Benchmark was ran on AWS EC2 r5.4xlarge dedicated instance. There isn't any noise due to noisy neighbours as the EC2 instance occupies the entire hardware droplet.
I produced 3 charts. raxFind, raxInsert, and raxRemove. The Y axis of the graphs is the average time it takes to run N operations in nanoseconds.
The blue series data are the reference results captured using the yzhaon/yzhaon-rax-centile branch. This branch has no rax.c changes and is branched off of the same common ancestor commit of the rax.c commit.
The orange series data are results from yzhaon/yzhaon-rax-centile-alloc branch. This branch contains the size update changes. The branch uses the zmalloc_size function to get the size of a pointer.
The gray series data are also from yzhaon/yzhaon-rax-centile-alloc branch. With the following patch applied:
diff --git a/src/rax_malloc.h b/src/rax_malloc.h
index 357fe0491..cd74c14b3 100644
--- a/src/rax_malloc.h
+++ b/src/rax_malloc.h
@@ -41,5 +41,5 @@
#define rax_malloc zmalloc
#define rax_realloc zrealloc
#define rax_free zfree
-#define rax_alloc_size zmalloc_size
+#define rax_alloc_size raxNodeCurrentLength
#endif
This data uses raxNodeCurrentLength to retrieve the size of a pointer. This is mostly correct as raxNodeCurrentLength is called to calculate the allocation size when creating a rax node. The only exception being when realloc fails while running raxRemove. We can choose to patch this case explictly if we decide to use raxNodeCurrentLength as the sizing function.
The raxFind chart is used as a baseline for the benchmark. Since the total rax size isn't touched in the raxFind code. The results from all three runs should be the same.
The raxInsert chart shows a significant increase for the orange series data.
The zmalloc data shows a 10% to 20% time increase compared to the reference. The tail data size time for 16777216 has an 10% increase over reference. The max time increase of 20% happens for the 8192 data size over reference.
The raxNodeCurrentLength data shows a 3% to 7% increase compared to reference. The tail data size time for 16777216 has an 3% increase over reference. The max time increase of 7% happens for the 4096 data size over reference.
The raxRemove data is a bit confusing. The percent increase between zmalloc to reference and raxNodeCurrentLength to reference are both not really significant and within an margin of error.

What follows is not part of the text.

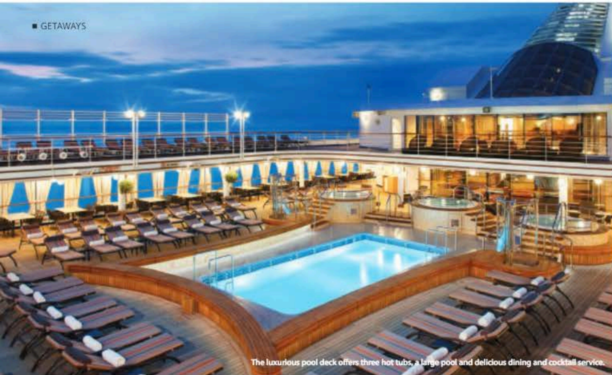
The luxurious pool deck offers three hot tubs, a large pool and delicious dining and cocktail service.

Comparing zmalloc to reference there is about 0% to 11% time increase. Excluding the one occurrence of 8192 which is an 46% increase. The tail data size time for 16777216 is almost equal to reference The biggest time increase is 11% for the data size 1024.
The raxNodeCurrentLength data mostly showed a performance improvement compared to reference. Not exactly sure why here.
In my opinion, the results from using zmalloc_size are not bad. If we are concerned here we can go with the raxNodeCurrentLength approach and manually fixup the realloc size difference in raxRemove.
Comment From: oranagra
@yzhaon thank you for this detailed benchmark. sorry for responding so late, we were all very busy with redis 7.0 features that must have been completed before the release. now that it's over, we can focus on smaller changes and fixes like this one.
I agree performance loss from using zmalloc_size isn't very high.
i don't think the raxNodeCurrentLength approach is valid, specifically because it doesn't include internal fragmentation.
but maybe you can try benchmarking one more alternative?
instead of calling zmalloc_size we can use zmalloc_usable, which does both the allocation and returns the size, without an additional call.
The reason it isn't as simple as it sounds is that "usable" in actually not what we want, since it's equivalent to zmalloc_usable_size, which could be different than zmalloc_size.
so if we'll want to proceed in this direction, we'll need to add PREFIX_SIZE in some way (we can worry about that later).